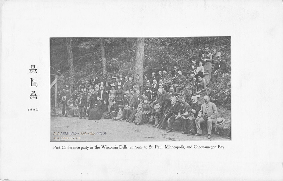 Group photograph of conference attendees of the 1886 ALA Annual Conference at Milwaukee, Wisconsin, attending a post conference party in the Wisconsin Dells.
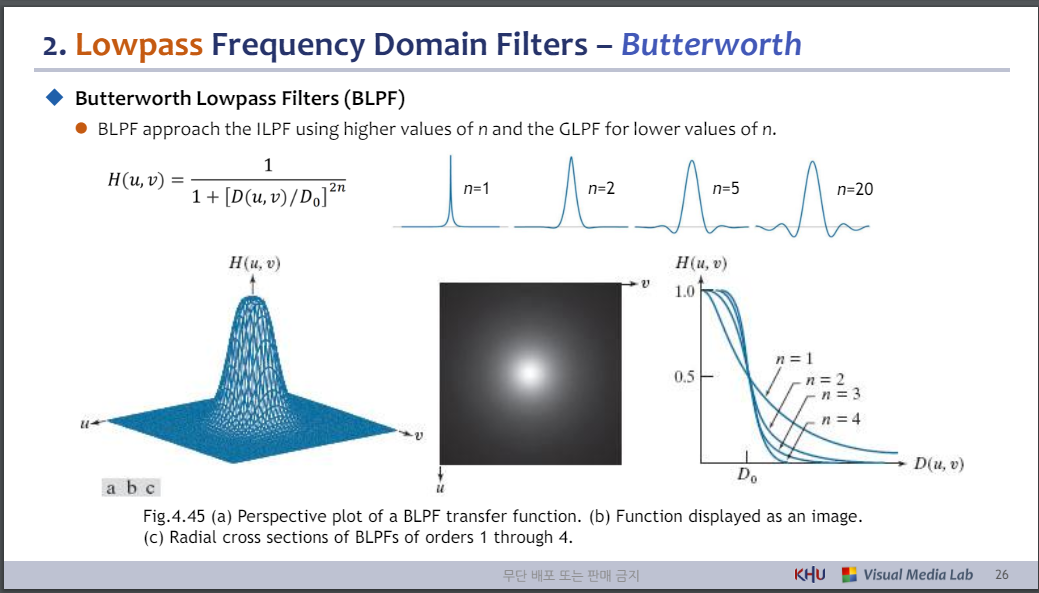 ⚫ BLPF는 더 높은 n 값을 사용하고 GLPF를 더 낮은 n 값에 사용하여 ILPF에 접근합니다.
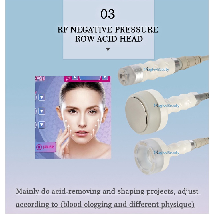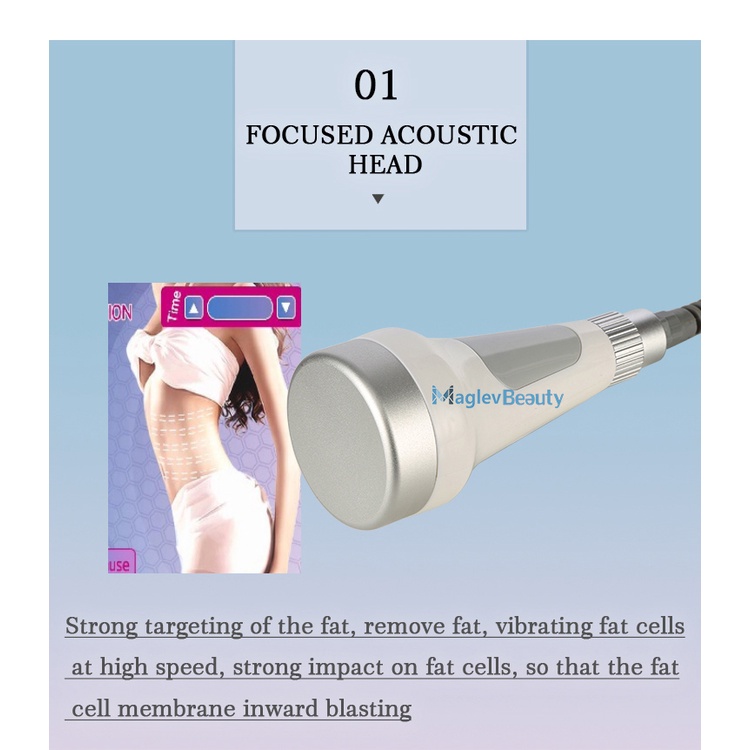 The use of strong acoustic waves gathered strong acoustic head firing frequency of 40000HZ sound waves into the human body can make the body fat cells have a strong impact and the friction between fat cells movement can effectively consume calories and consume cells of water , So that fat cells shrink, the other when the sound waves can make the cell strong crack impact, the cells burst, fat cells decreased, so as to achieve the effect of removing fat.

####################

§ Work to be completed
Could you copy the listing exactly, leaving out any pictures?

§ Solution to the exercise
 Group photograph of conference attendees of the 1886 ALA Annual Conference at Milwaukee, Wisconsin, attending a post conference party in the Wisconsin Dells.
 ⚫ BLPF는 더 높은 n 값을 사용하고 GLPF를 더 낮은 n 값에 사용하여 ILPF에 접근합니다.
 The use of strong acoustic waves gathered strong acoustic head firing frequency of 40000HZ sound waves into the human body can make the body fat cells have a strong impact and the friction between fat cells movement can effectively consume calories and consume cells of water , So that fat cells shrink, the other when the sound waves can make the cell strong crack impact, the cells burst, fat cells decreased, so as to achieve the effect of removing fat.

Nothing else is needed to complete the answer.